Why was Apple Inc’s stock punished? It’s their own fault for being so good

Joe Chidley: The bigger problem for Apple might simply be the huge expectations investors put on it.

Here\’s a wee quiz: a business releases quarterly earnings that handily beat analyst estimates, reporting healthy margins, double-digit percentage year-over-year profit growth, along with a 35-per-cent increase in sales of its main product. What goes on to the stock price?

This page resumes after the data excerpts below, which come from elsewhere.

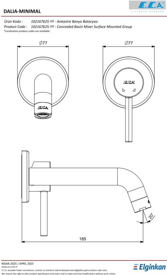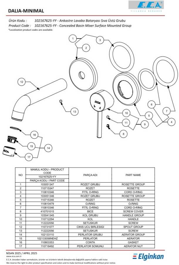 Kireç kırıcılı perlatör Çıkış ucu uzunluğu 185 mm 102166601 kodlu sıva altı grubu ayrıca alınmalıdır 3 bar basınçta su akış miktarı dakikada maksimum 7,5 L
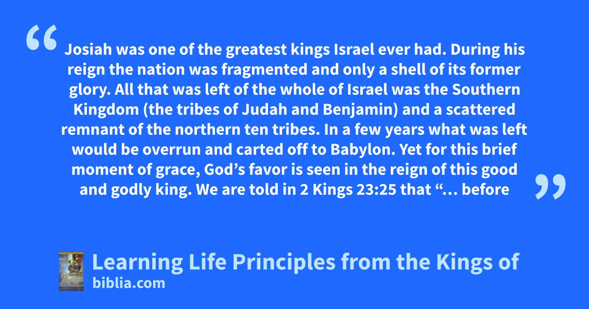 Josiah was one of the greatest kings Israel ever had. During his reign the nation was fragmented and only a shell of its former glory. All that was left of the whole of Israel was the Southern Kingdom (the tribes of Judah and Benjamin) and a scattered remnant of the northern ten tribes. In a few years what was left would be overrun and carted off to Babylon. Yet for this brief moment of grace, God’s favor is seen in the reign of this good and godly king. We are told in 2 Kings 23:25 that “… before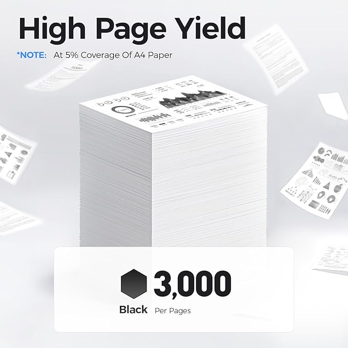- High-Yield: up to 3,000 pages per B205/B210/B215 Black (Total 6,000 pages, 5% coverage).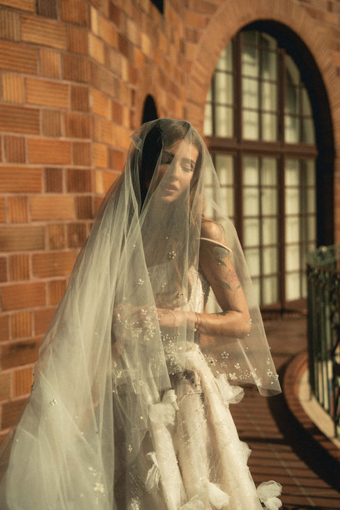 LittleDove’s gown is a dream—lace detailing, floral appliqués, and a long veil covered in delicate beads in the shape of flowers that shimmer with every movement. As she stands on the grand staircase, her veil flows down the steps, creating a breathtaking composition.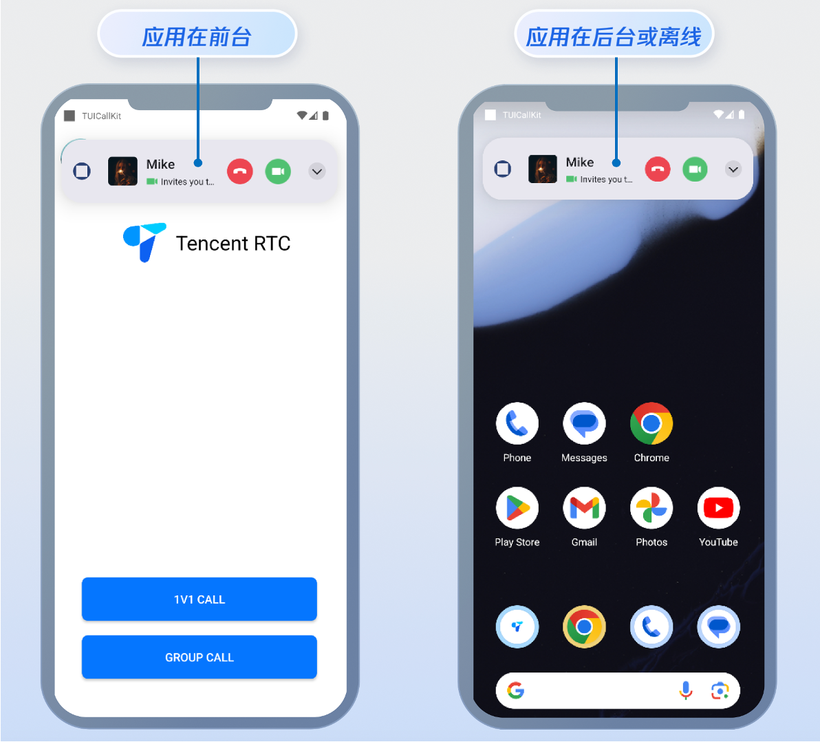 在 Android 平台,当您的应用进程被杀死或处于后台时,若收到音视频通话邀请,对方将无法收到任何通知,导致通话无法接通。因此,集成离线推送是确保您的音视频通话功能可用的必要条件(用户呼叫始终在线的 Web 端坐席等特殊情况除外)。本文档将指导您完成 FCM Data Message 的推送集成步骤。即使应用未运行,也能将通话邀请等关键信令送达设备,从而唤醒应用并启动通话界面。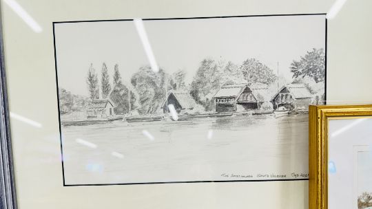 A GROUP OF 13 ORIGINAL ART WORKS BEARING SIGNATURE JAMES M. DUNHAM DEPICTING VARIOUS SUBJECTS TO INCLUDE LOCAL INTEREST AND SAILING.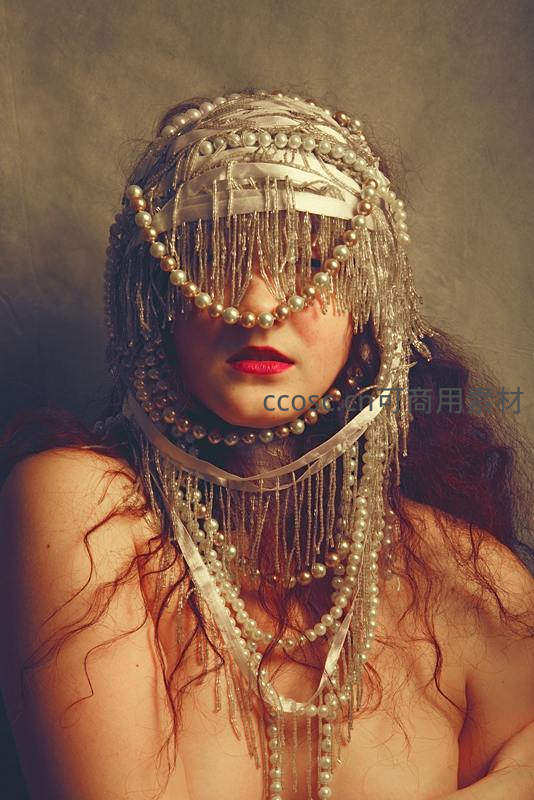 一位女性被大量珍珠和流苏组成的面纱遮住双眼,仅露出红唇和部分面容,创造出强烈的视觉冲击力和神秘的艺术美感。
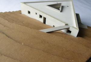 Svislá osa pozemku pomyslně napnutá mezi kaplí a hřebenem Krušných hor je zároveň těžnicí rovnostranného trojúhelníka, který pozemek vymezuje. Z tohoto počátku vzniká dům.

Tech rally knocked out cold with Apple Inc poised for worst reduction in market value yet

Five days after Google\’s earnings spurred the biggest one-day wealth creation by U.S. stock, computer and software shares are tumbling

Read more

Before you answer, consider that we\’re not referring to some flavour du jour startup. The firm under consideration is a world-beater in its sector, with a history of strong profit growth, a rabidly loyal global customer base, and a knack for knocking off competitors, even people who once seemed unbeatable.

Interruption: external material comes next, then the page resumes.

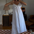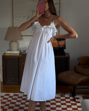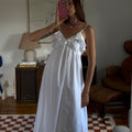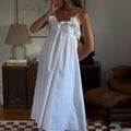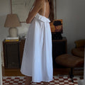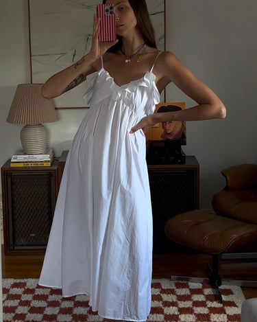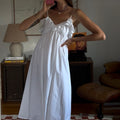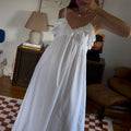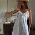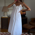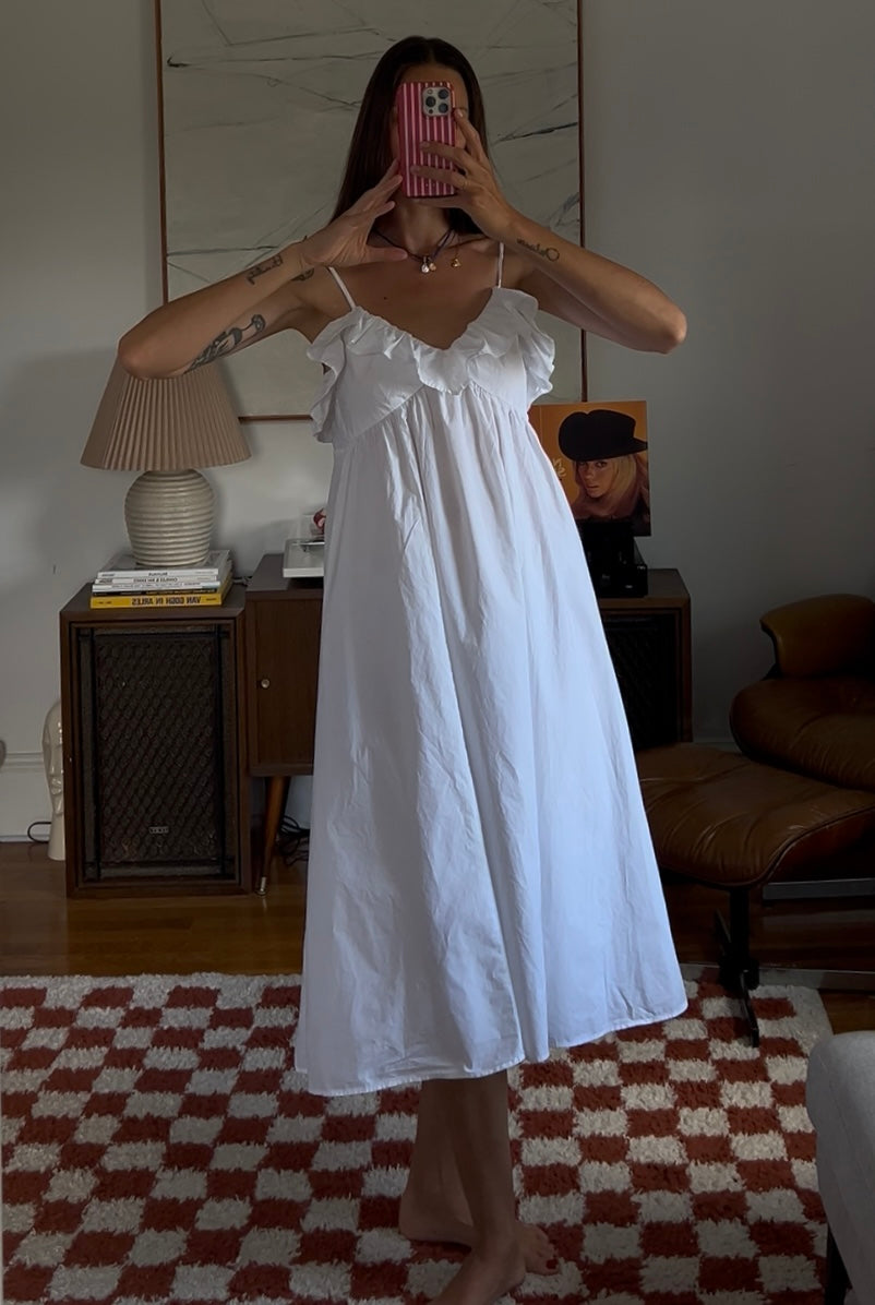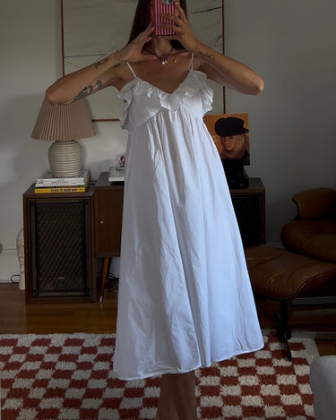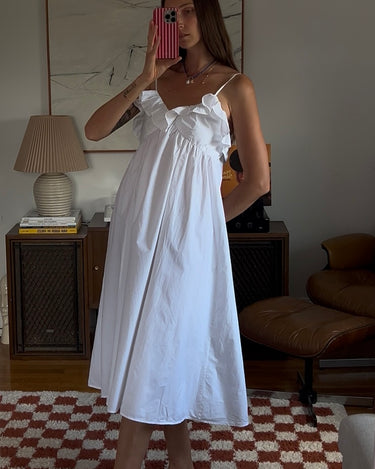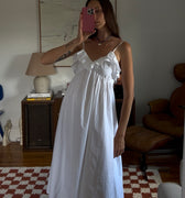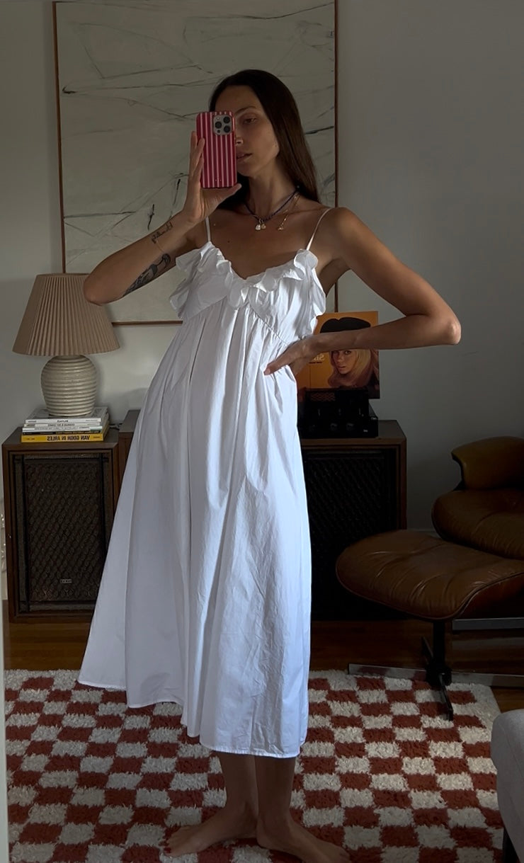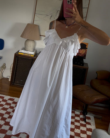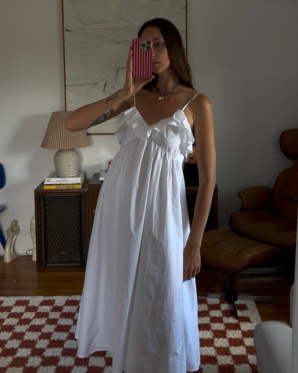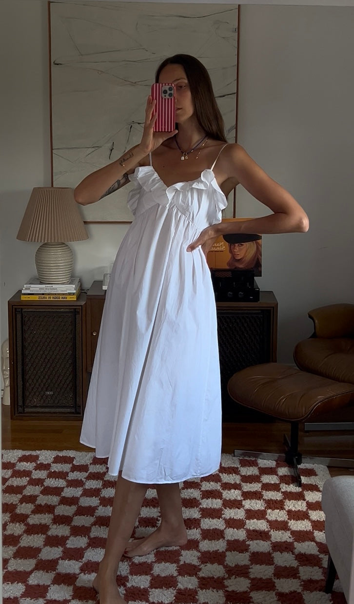 a crisp and stunning poplin dress with thin strap, low back and ruffle on neckline. Back of the dress is elastic so there is so flexibility with sizing

You might expect this company\’s stock to obtain a nice little surge. However, if the company under consideration is Apple Inc., and the quarter we\’re referring to is the Cupertino, Calif.-based tech superpower\’s fiscal Q3, you\’d be wrong. Dead wrong.

Apple\’s third-quarter earnings, released Tuesday after markets closed, were strong by any measure, save one: investors\’ very high expectations.

Within minutes from the release, Apple shares were down eight per cent in after-hours trading, shaving US$50 billion from the market cap from the world\’s best company, although they bounced back just a little on Wednesday from that beating.

Good luck finding much reason behind the selloff in the top-line numbers. The company reported year-over-year revenue grew 33 percent to nearly US$50 billion; gross margin – a vital metric since it gives a sign of production costs versus revenue – arrived at 39.7 percent; and profit rose 39 percent to US$10.7 billion or US$1.85 per share.

All those figures beat analysts’ average estimates, but those estimates don\’t tell the whole story.

Investors usually have their own way of seeing things, therefore, the so-called \”whisper number,\” the sum of expectations of the broader base.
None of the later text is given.